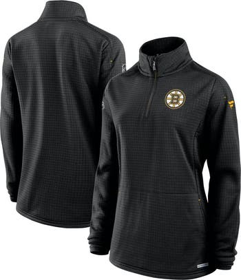 Represent your Boston Bruins with pride in this Fanatics Authentic Pro Rink Lightweight Quarter-Zip Pullover Top. This lightweight pullover features heat-sealed team graphics and a mock neck for added warmth. The droptail hem with side splits and flatlock stitching provide a comfortable and stylish fit. Whether you're cheering on the Boston Bruins at the rink or watching from home, this pullover will keep you comfortable and stylish.
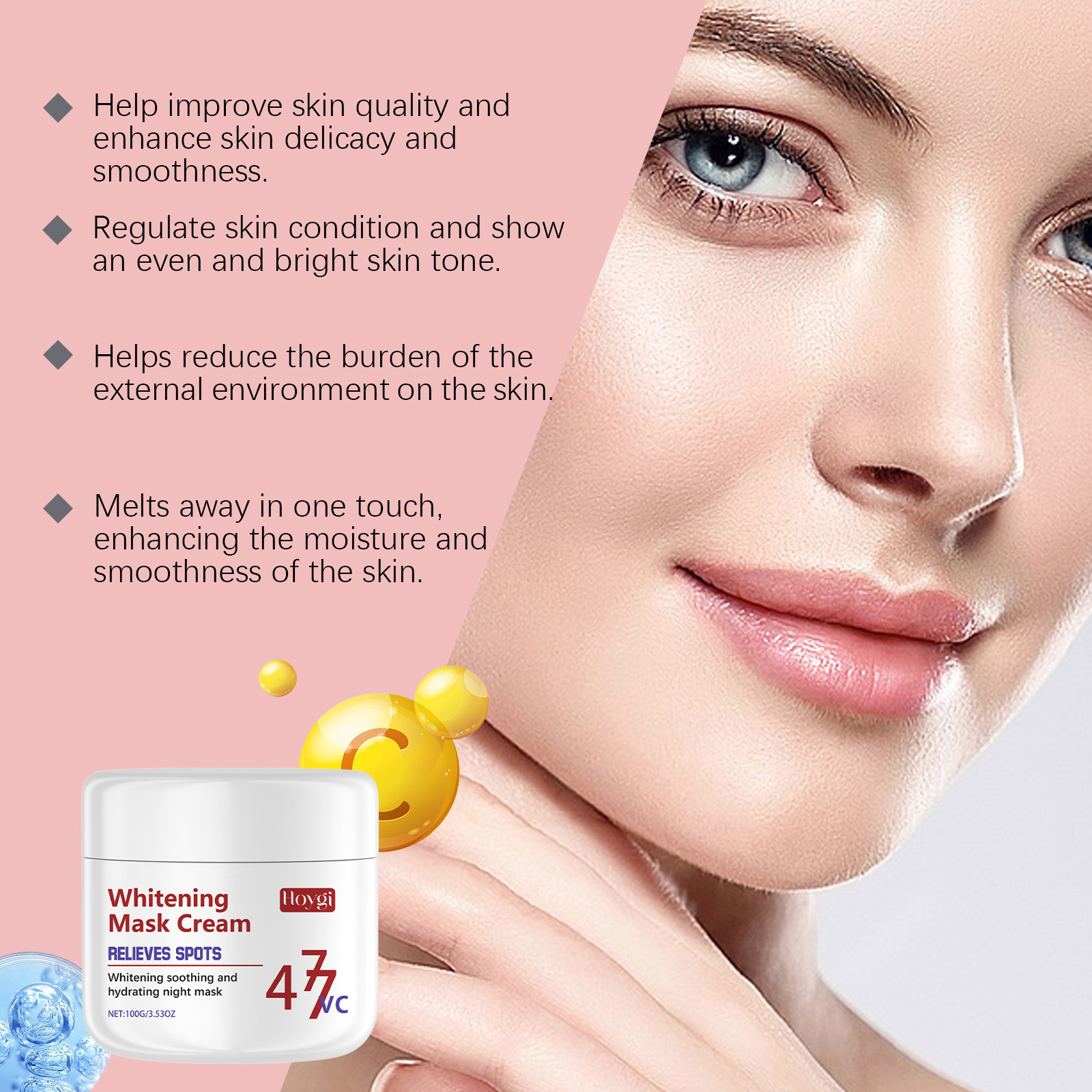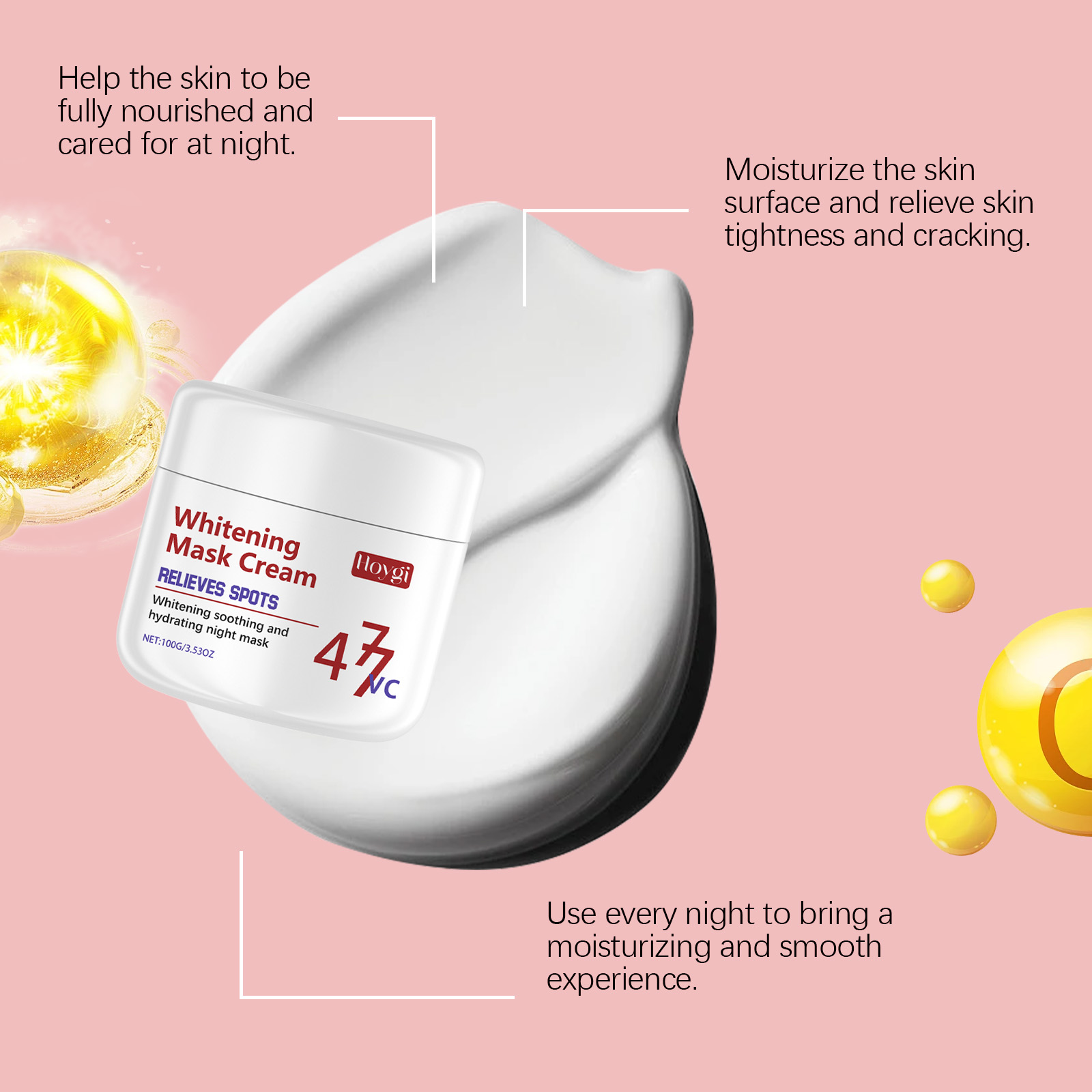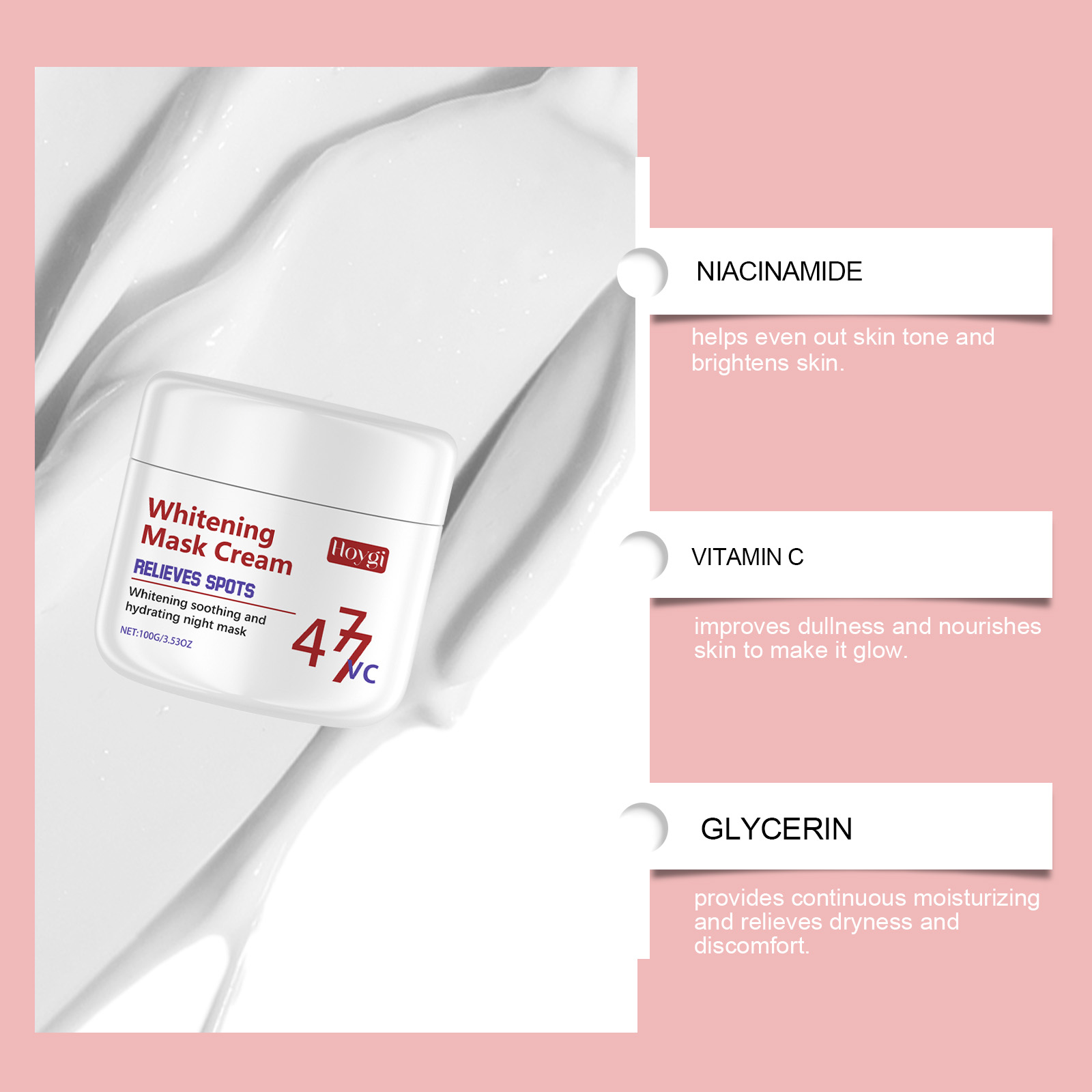 Our soothing and moisturizing Sleeping mask contains hydroxyethylcellulose, niacinamide, Vitamin C (ascorbic acid). It can deeply nourish, release repair power at night, and leave skin hydrated and smooth. Its use method is very simple: after cleansing before going to bed, take appropriate amount of this product evenly spread on the face. When you wake up, wash with clean water. And can help improve the dull skin tone, show the skin luster.
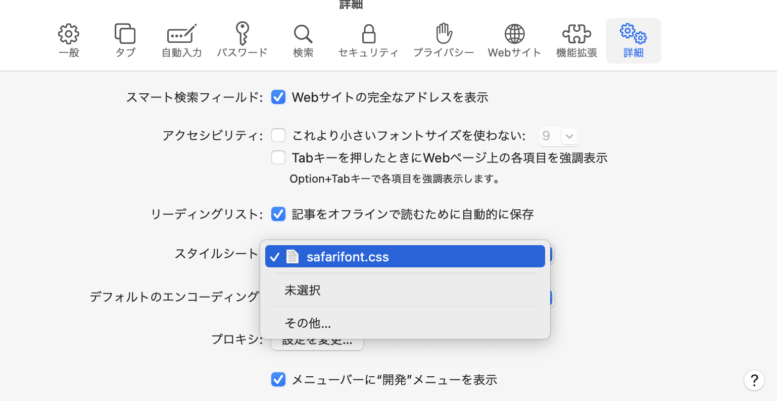 safariの「環境設定」→「詳細」→「スタイルシート」でフォントを変えるところまでは分かりました。
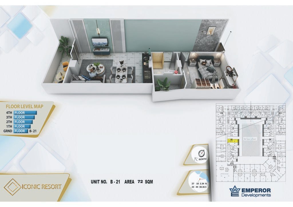 One bedroom in Iconic Resort by Emperor Developments -the apartment size 74 m²
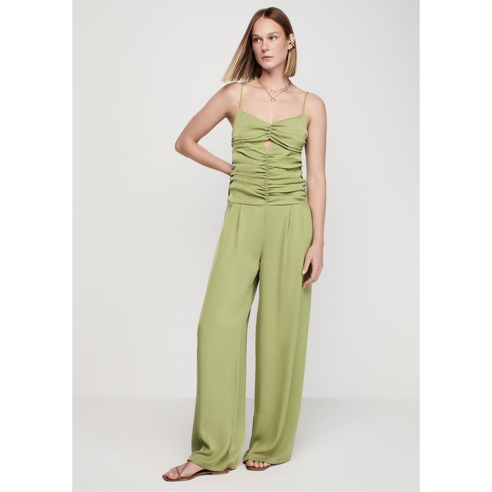 | MEDIDAS | Macacão fluido de alças finas com franzido na frente e laterais, shape de calça reto |
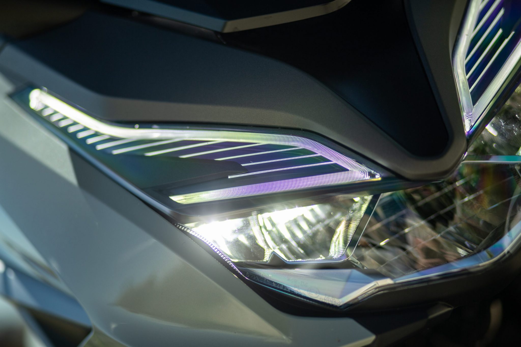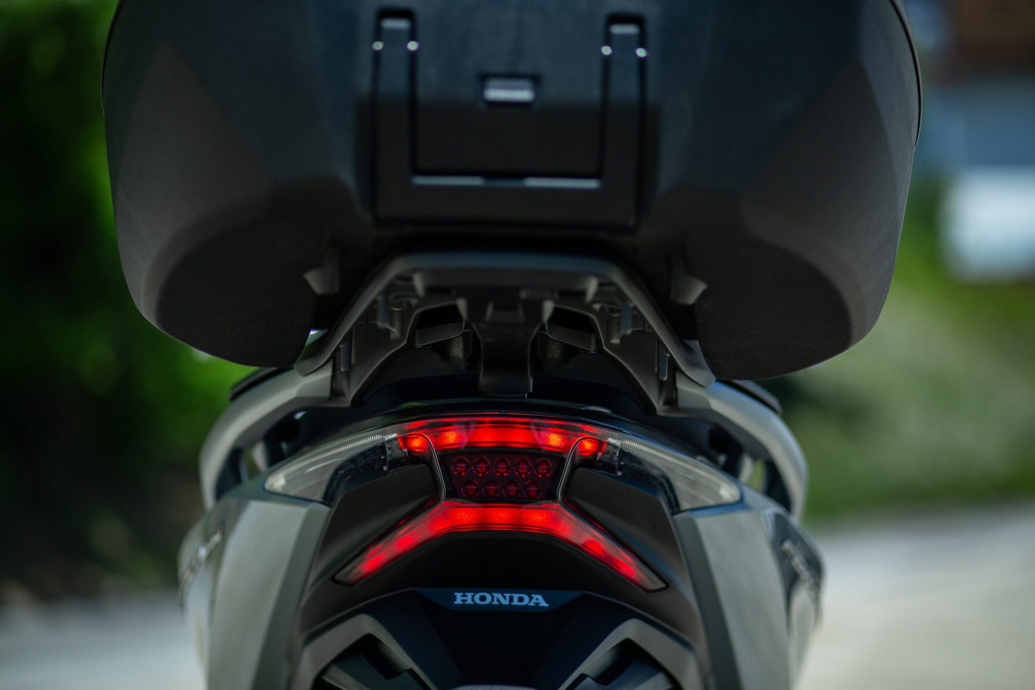 Už bežná záležitosť je Full LED osvetlenie. Smerové svetlá, sú vpredu umiestnené do krytov spätných zrkadiel. Tie sú zase umiestnené na prednej kapotáži kde je do nich veľmi dobrý výhľad. Čo sa týka dizajnu, ten má Honda v tomto prípade veľmi dobre zvládnutý a spredu si ju vďaka svetlám určite nepomýlite s ničím iným.
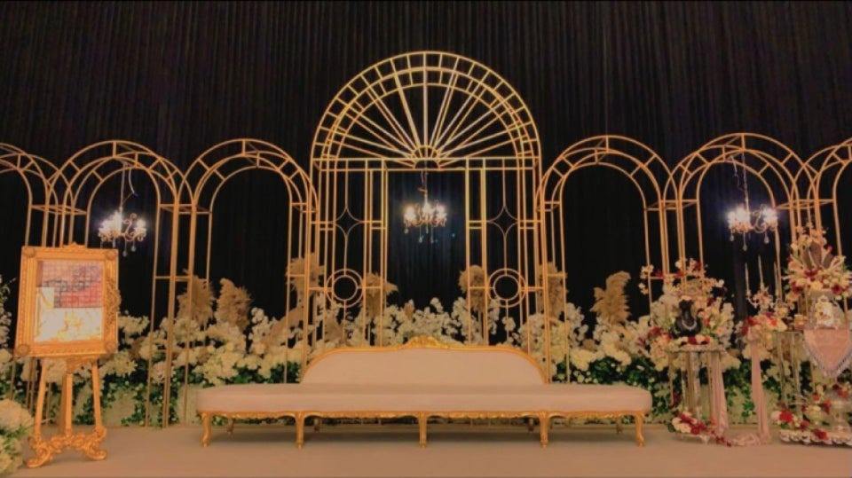 Product name:Gold Iron Floral Frame Backdrop for Wedding
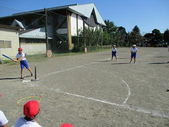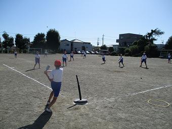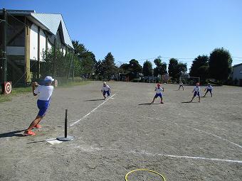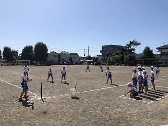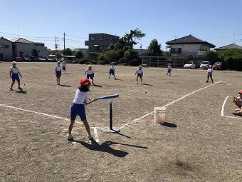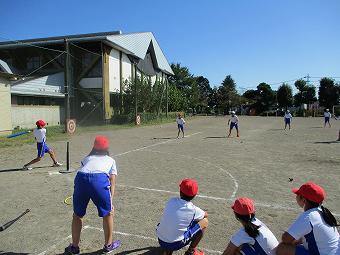 5・6年体育も「ティーボール」でした。子供たちは熱中しながらも、みんなで協力して楽しく活動していました。
-----
**WHAT TO PRODUCE:** Repeat only the lines from the one with "One bedroom in" through the end of the data, both included and exactly as written. Pictures stay out of the copy.

**ANSWER FOR THIS EXERCISE:**
 One bedroom in Iconic Resort by Emperor Developments -the apartment size 74 m²
 | MEDIDAS | Macacão fluido de alças finas com franzido na frente e laterais, shape de calça reto |
 Už bežná záležitosť je Full LED osvetlenie. Smerové svetlá, sú vpredu umiestnené do krytov spätných zrkadiel. Tie sú zase umiestnené na prednej kapotáži kde je do nich veľmi dobrý výhľad. Čo sa týka dizajnu, ten má Honda v tomto prípade veľmi dobre zvládnutý a spredu si ju vďaka svetlám určite nepomýlite s ničím iným.
 Product name:Gold Iron Floral Frame Backdrop for Wedding
 5・6年体育も「ティーボール」でした。子供たちは熱中しながらも、みんなで協力して楽しく活動していました。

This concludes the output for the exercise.